Many photosensitizing dyes have been tested for PDT, including rose Bengal, hematoporphyrin derivatives, lutetium, texafrim, Photofrin, and various benzoporphyrins. Only verteporfin (Visudyne) has been approved for ophthalmic use in the treatment of classic and occult CNV. Verteporfin has a very broad absorption spectrum, but only the far-red peak at 688–691 nm is typically utilized in clinical practice (Fig. 39.8).

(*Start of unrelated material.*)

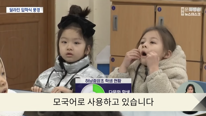 광주의 초등학교가 다문화주의 multiculturalism 교육을 실시하고 있다. 러시아를 집에서 사용하는 어린이들이 초등학교에 입학했다. 학교에서 한국어를 배우고, 통역 선생님들도 아이들의 학습을 도와준다.
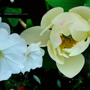 開きかけの蓮 零れ種のペチニュア さっき風にはらはら 散りました。

This is because of the lower sensitivity of retina to far-red light and its superior penetration into the choroid.14
In PDT treatment with verteporfin activation by laser is typically performed 15–20 minutes after the intravenous injection of the dye. A beam of red laser light (689 nm diode laser) is applied to the retina via a slit-lamp delivery system, irradiating a spot chosen to exceed the dimension of the neovascularization minimally, with light intensity of 600 mW/cm2, for 83 seconds, resulting in a total radiant exposure of 50 J/cm2.15,16 Closure of abnormal (leaking) blood vessels occurs for approximately 6–12 weeks in most patients. Reperfusion is common and multiple treatments are often required. Figures 39.9A (pretreatment) and 39.9B (1 week posttreatment) showing fluorescein angiography images demonstrate closure of a subfoveal CNV membrane after PDT.